Sede vacante

Benedykt XVI przechodzi do historii jako wielki papież. Nie dlatego wielki, że z urzędu ustąpił. Ustąpił dlatego, że jest wielki. A z tego, co zostawia, Kościół i my wszyscy długo jeszcze będziemy z wdzięcznością czerpać.

11.02.2013

Czyta się kilka minut

 /
/

Benedykt XVI wejdzie do historii jako papież, który ustąpił z urzędu, bo uznał, „że z powodu podeszłego wieku jego siły nie są już wystarczające, aby w sposób należyty sprawować posługę Piotrową”. Chociaż i tak już wszedł do historii jako jeden z najwybitniejszych teologów swego czasu, prefekt Kongregacji Nauki Wiary, papież-teolog, wspaniały nauczyciel wiary i ten, który skutecznie stawił czoło dramatycznej hańbie pedofilii wśród kleru.

Jego decyzja ustąpienia z urzędu jest wydarzeniem bez precedensu, przełomowym. Dawne abdykacje papieży miały całkowicie inny kontekst, inne motywacje. Benedykt XVI podjął decyzję, którą przecież rozważali jego poprzednicy, ale żaden z nich jej nie podjął. Mówiło się o wahaniach Pawła VI, kiedy odnowił bazylikę przechowującą szczątki św. Celestyna V w Aquila, papieża, który abdykował w 1294 r.


Podobną ewentualność rozważał też Jan Paweł II, do czego zresztą Benedykt wyraźnie nawiązuje w swoim oświadczeniu: „Jestem w pełni świadom, że ta posługa, w jej duchowej istocie, powinna być spełniana nie tylko przez czyny i słowa, ale w nie mniejszym stopniu także przez cierpienie i modlitwę”. Jednak wyraźnie daje do zrozumienia, że w tym nie zamierza naśladować swego poprzednika. Wyjaśnia: „aby kierować łodzią św. Piotra i głosić Ewangelię w dzisiejszym świecie, podlegającym szybkim przemianom i wzburzanym przez kwestie o wielkim znaczeniu dla życia wiary, niezbędna jest siła zarówno ciała, jak i ducha, która w ostatnich miesiącach osłabła we mnie na tyle, że muszę uznać moją niezdolność do dobrego wykonywania powierzonej mi posługi”.
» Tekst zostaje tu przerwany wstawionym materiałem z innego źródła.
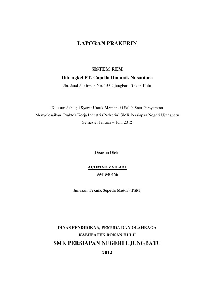 3) tingkatkan terus kedisiplinan serta kerjasama antar pegawai. Biasanya para pelajar smk akan mengalami masa dimana pelajar smk harus melakukan praktek magang atau prakerin (praktek kerja industri). Kantor kecamatan kepil kabupaten wonosobo, profil kantor kecamatan. Susunan sampul atau cover laporan. Langsung saja untuk pembahasan terlengkapnya berikut dibawah ini. Contoh laporan pkl yang benar dengan pembahasan lengkap. Laporan praktik kerja industri (prakerin) ini telah diteliti, dipelajari dan disetujui. Kegiatan ini dilakukan bila sobat pelajar smk kelas 11 atau kelas 2 dan dilaksanakan selama 2 atau 3 bulan lamanya. Buku panduan prakerin smk negeri 1 batealit dan laporan praktik kerja industri yang disusun oleh azmiatin nazilahtahun pelajaran 2014/2015 sebagai referensi pembuatan laporan. Apakah anda sudah selesai melaksanakan prakerin tapi bingung bagaimana. Wajib loh hukumnya kalau kita mengerjakan makalah. Praktik kerja lapangan) adalah salah satu contohnya saya mengambil jurusan tkj, ya sudah jelas saya prakerin di tempatkan di instansi yang ada kaitannya dengan jurusan tkj. Bab ii i s i 2.1 sejarah perusahaan pd.
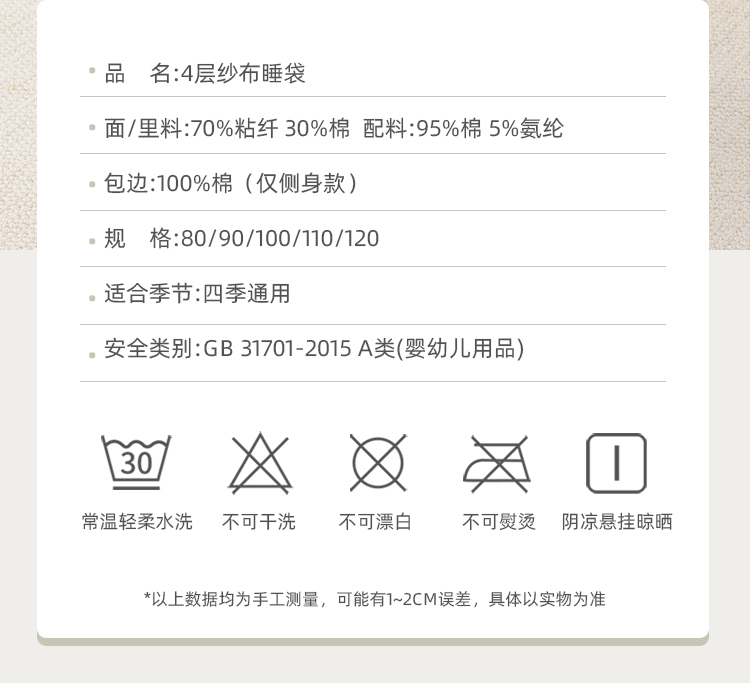 【品牌直供】yikyak四层长袖竹棉纱布睡袋

Benedykt XVI stwarza precedens, otwiera drogę dla następców. To gest wielkiej odwagi, naruszenie odwiecznej, mimo nielicznych wyjątków, kościelnej praktyki, bez wyjątków funkcjonującej od siedmiu stuleci.

Jan Paweł II swoją decyzję wytrwania do końca tak uzasadnił w testamencie pisanym w 2000 r. podczas rekolekcji wielkopostnych: „Z wyroków Opatrzności dane mi było żyć w tym trudnym stuleciu, które odchodzi do przeszłości, a w roku, w którym wiek mego życia dosięga lat osiemdziesięciu, należy pytać, czy nie czas powtórzyć za biblijnym Symeonem Nunc dimittis? (...) Ufam, że On Sam pozwoli mi rozpoznać, dokąd mam pełnić posługę, do której mnie wezwał w dniu 16 października 1978. Proszę Go, ażeby raczył mnie odwołać wówczas, kiedy Sam zechce. »W życiu i śmierci do Pana należymy... Pańscy jesteśmy«. Ufam też, że dokąd dane mi będzie spełniać Piotrową posługę w Kościele, Miłosierdzie Boże zechce użyczać mi sił do tej posługi nieodzownych”.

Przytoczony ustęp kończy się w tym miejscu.